Em meio a esse cenário, a inflação no país vem indicando persistência em patamar elevado. O IPCA de fevereiro teve a maior alta em sete anos, com taxa em 12 meses acima de 10,5%.
PIORA DE PROJEÇÕES
No comunicado desta quarta-feira, o BC avaliou que o conflito entre Rússia e Ucrânia levou a um aperto significativo das condições financeiras e aumento da incerteza em torno do cenário econômico mundial.
"Em particular, o choque de oferta decorrente do conflito tem o potencial de exacerbar as pressões inflacionárias que já vinham se acumulando tanto em economias emergentes quanto avançadas", disse.
A autoridade monetária piorou suas projeções para a inflação em seu cenário de referência, passando a ver alta do IPCA de 7,1% em 2022 e de 3,4% em 2023, acima dos percentuais de 5,4% e 3,2% calculados no último Copom e acima das metas centrais de 3,5% e 3,25%, respectivamente, com margem de tolerância de 1,5 ponto percentual.
O Bacen ressaltou, contudo, que diante do cenário recente de volatilidade, o Comitê decidiu adotar também um cenário alternativo, "considerado de maior probabilidade", que espera que o preço do petróleo siga aproximadamente a curva futura de mercado até o fim de 2022, terminando o ano em 100 dólares o barril e passando a aumentar 2% ao ano a partir de janeiro de 2023.
“Nesse cenário, as projeções de inflação do Copom situam-se em 6,3% para 2022 e 3,1% para 2023”, disse.
O novo panorama econômico mundial levou o mercado a também revisar suas projeções. Segundo as estimativas captadas pelo BC no boletim Focus, a expectativa para a inflação em 2022 saltou de 5,65% no levantamento da semana passada para 6,45% no boletim desta semana, distanciando-se ainda mais da meta. Para 2023, a previsão para o IPCA passou de 3,51% para 3,70%.
Na reunião de fevereiro, o BC havia passado a dizer que o horizonte relevante da política monetária incluía 2022 e, “em maior grau”, o ano de 2023. Agora, o Copom colocou ainda mais força no foco ao próximo ano, ao afirmar que o horizonte relevante inclui 2022 e "principalmente" 2023.
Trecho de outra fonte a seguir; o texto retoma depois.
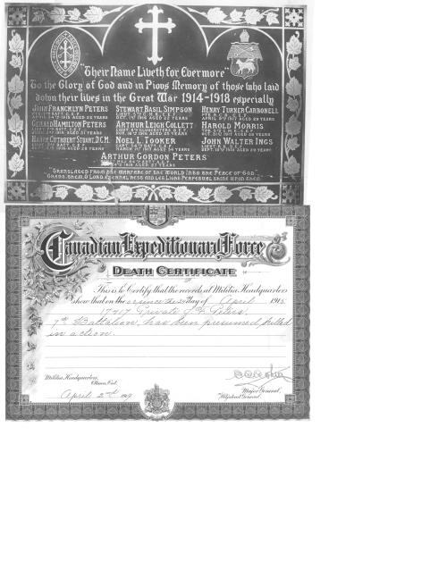 After being assured for so long that Jack was safe, his mother Bertha refused to believe he had died. She did not accept his death until the war was over, and no further information on Jack had emerged. She grieved much more for son Gerald, who died in the Battle of Mount Sorrel in June 1916. Gerald was her favourite child, and they were exceptionally close. A memorial plaque (image below) with the names of Jack Peters, Gerald Peters, their cousin Arthur Gordon Peters, and seven other Charlottetown boys who died in the war was installed at St. Paul`s Anglican Church in Charlottetown. The names of Jack and Gerald Peters are also listed on the Menin Gate memorial in Ypres that includes the names of thousands of Allied soldiers who died at Ypres with no identified remains.
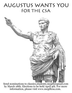 Nominations are due by midnight on March 28th. You can send them to classics.students.mcgill (at) gmail.com. Elections will be held a week later, on April 4th—stay tuned for more details, and come vote even if you aren’t running for a position!
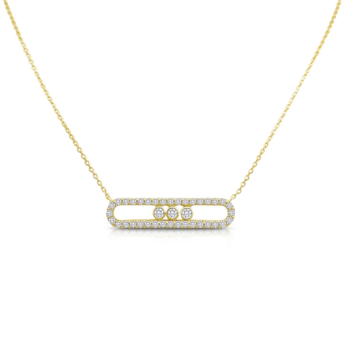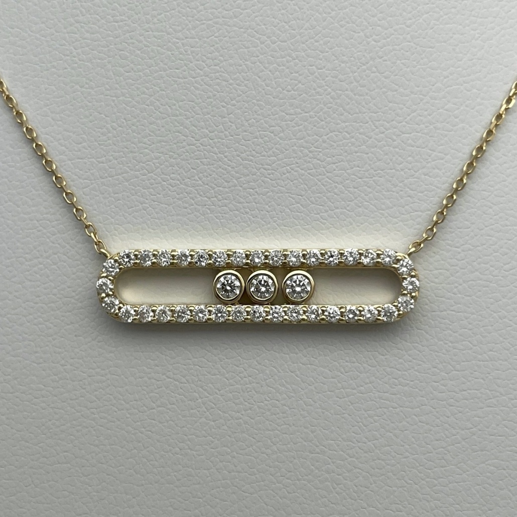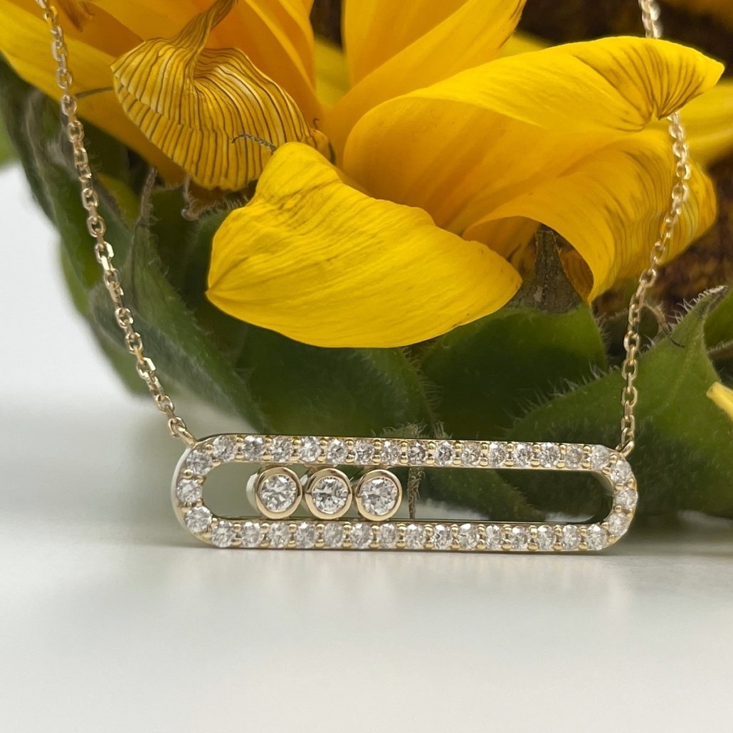Designed to shine in motion. Three bezel-set diamonds glide smoothly within a diamond-lined bar, catching and reflecting light with every step.

O conflito entre Rússia e Ucrânia intensificou as discussões no governo e no Congresso sobre medidas para atenuar a alta dos preços de combustíveis. Até o momento, foi aprovado corte de tributos sobre esses insumos, mas também está em estudo uma proposta para liberar subsídios nessa área.
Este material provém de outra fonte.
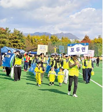 포두면 향우회는 맨 선두에 유치원생 화동 두 명을 선두로 전국 어린이 줄넘기 대회에서 우수한 성적을 거둔 일곱살 양정안군이 줄넘기 시범을 보이면서 줄넘기 묘기를 선사하며 입장식을 리더했고 「환경도 지키고 지구도 살리고 재광포두면향우회는 ESG 실천과 저 출생 극복에 앞장섭니다」라는 현수막과 “지구도 웃GO- 향우도 웃GO- ESG로 함께하GO !” “탄소는 빼고 ! 정은 더하고 ! ESG 향우회 출동 !” “플라스틱은 줄이고- 향우 사랑은 늘리고 !” “깨끗한 고흥 ! 행복한 향우!”의 폼 포드 피켓을 흔들며 입장하였다. 포두면 향우들은 입장하면서 쓰레기를 줍는 「ESG 줍킹」을 실천하였고 쓰레기통, 집게, 봉투를 준비하여 직접 운동장의 쓰레기를 주우면서 입장하여 획기적인 아이디어에 참석자 모두가 역시 포두면은 다르다는 감탄과 박수를 보냈다.

No comunicado, o BC disse que a incerteza em relação ao arcabouço fiscal mantém elevado o risco de desancoragem das expectativas.
Em relação à atividade, o BC disse que o PIB do quarto trimestre de 2021 apontou ritmo de atividade acima do esperado. O país cresceu 0,5% no quarto trimestre sobre os três meses anteriores, segundo o IBGE.